- What you have to do -
Find the line with "目前「盐选会员」的活动定价为 198 元一年,随附京东" in the entries below, then output every line from it down to the line with "Teu predio tá", exactly and with no pictures.

- Task inputs -

**********

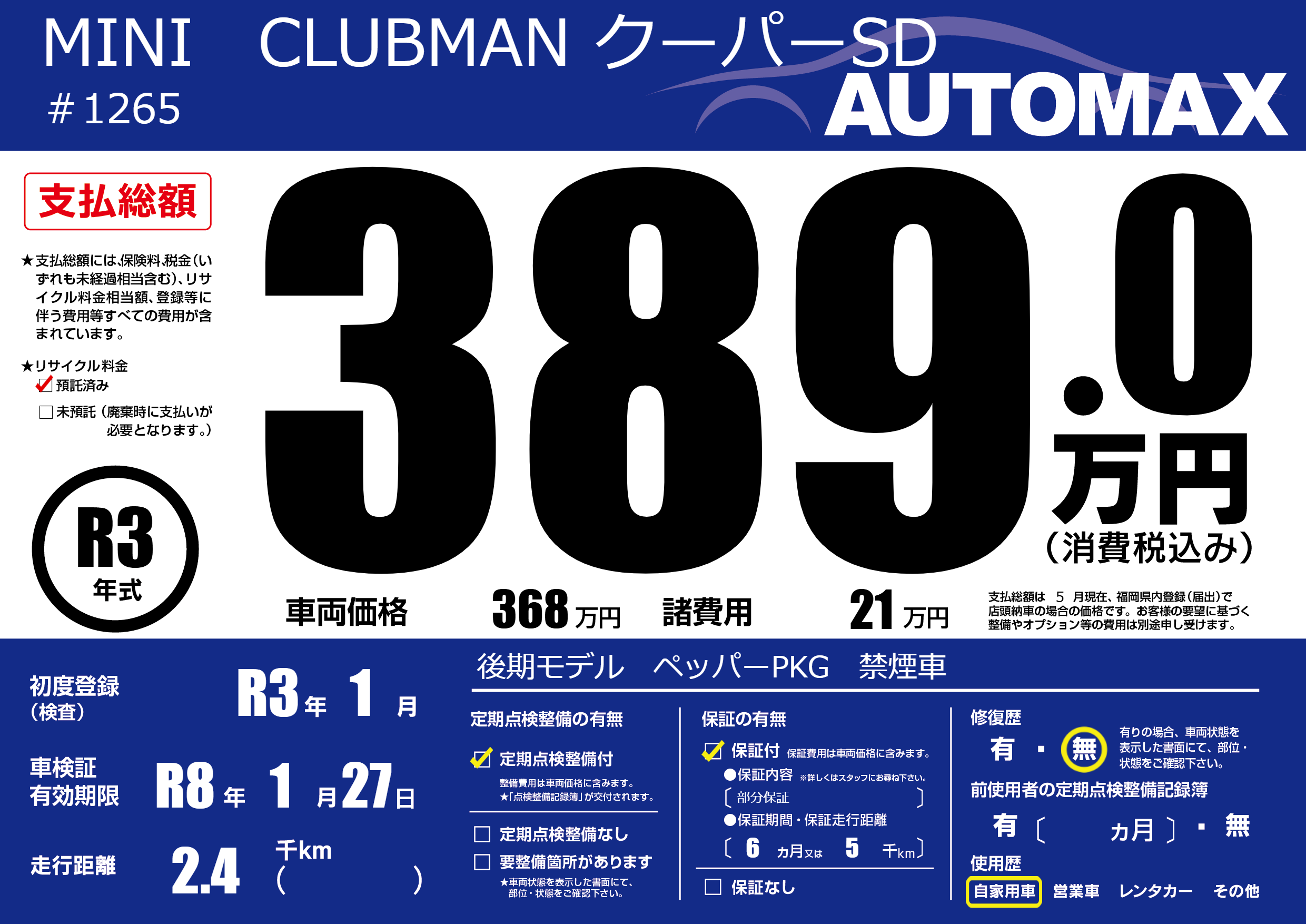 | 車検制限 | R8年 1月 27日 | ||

**********

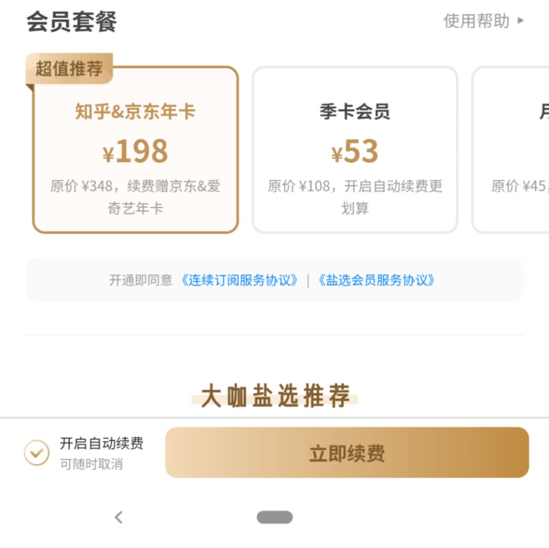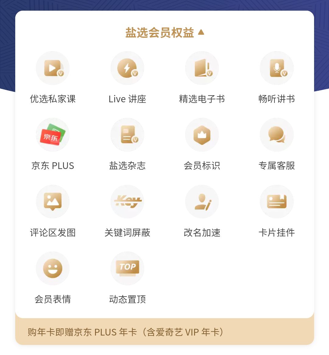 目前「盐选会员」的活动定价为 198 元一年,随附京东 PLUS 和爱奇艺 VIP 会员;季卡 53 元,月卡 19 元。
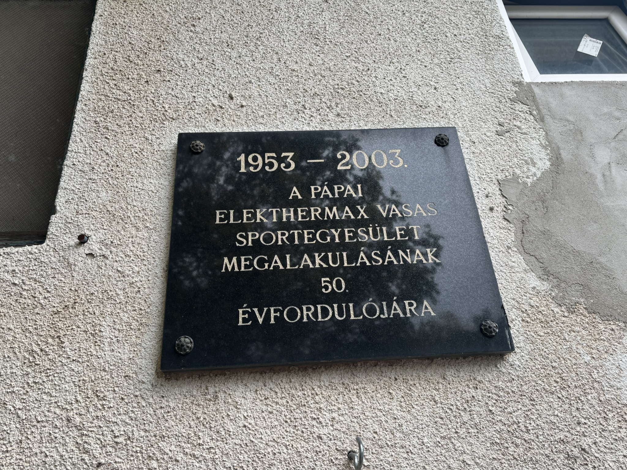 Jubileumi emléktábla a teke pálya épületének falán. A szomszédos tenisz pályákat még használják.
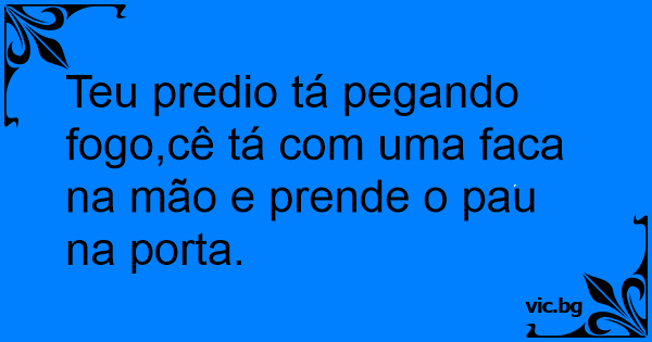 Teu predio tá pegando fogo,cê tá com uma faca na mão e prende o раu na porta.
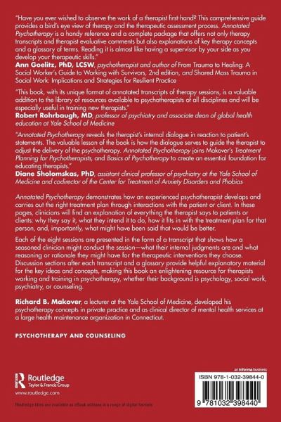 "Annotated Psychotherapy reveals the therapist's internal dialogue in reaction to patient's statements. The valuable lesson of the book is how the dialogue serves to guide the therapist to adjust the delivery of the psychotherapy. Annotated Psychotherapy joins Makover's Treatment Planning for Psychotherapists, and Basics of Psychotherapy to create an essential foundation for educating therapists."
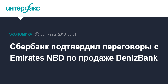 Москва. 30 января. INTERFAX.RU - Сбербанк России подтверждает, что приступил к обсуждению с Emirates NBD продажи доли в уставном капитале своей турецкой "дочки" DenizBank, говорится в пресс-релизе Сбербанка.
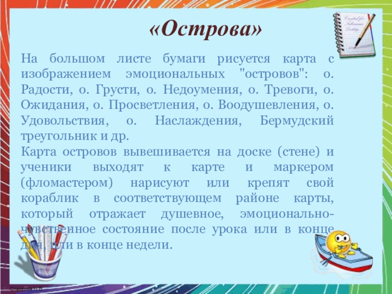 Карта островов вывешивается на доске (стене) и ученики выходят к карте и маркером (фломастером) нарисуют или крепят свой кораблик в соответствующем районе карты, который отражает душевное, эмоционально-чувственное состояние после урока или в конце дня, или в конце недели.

**********

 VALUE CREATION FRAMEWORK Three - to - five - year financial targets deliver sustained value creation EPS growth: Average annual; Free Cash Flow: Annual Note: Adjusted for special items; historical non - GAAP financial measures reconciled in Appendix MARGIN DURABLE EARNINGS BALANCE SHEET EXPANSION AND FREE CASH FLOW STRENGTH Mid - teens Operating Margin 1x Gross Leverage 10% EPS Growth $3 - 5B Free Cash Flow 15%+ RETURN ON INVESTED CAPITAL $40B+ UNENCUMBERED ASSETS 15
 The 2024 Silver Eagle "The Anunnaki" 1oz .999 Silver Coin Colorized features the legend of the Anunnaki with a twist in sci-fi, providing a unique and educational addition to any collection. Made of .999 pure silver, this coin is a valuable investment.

**********

- Answer to the exercise -
 目前「盐选会员」的活动定价为 198 元一年,随附京东 PLUS 和爱奇艺 VIP 会员;季卡 53 元,月卡 19 元。
 Jubileumi emléktábla a teke pálya épületének falán. A szomszédos tenisz pályákat még használják.
 Teu predio tá pegando fogo,cê tá com uma faca na mão e prende o раu na porta.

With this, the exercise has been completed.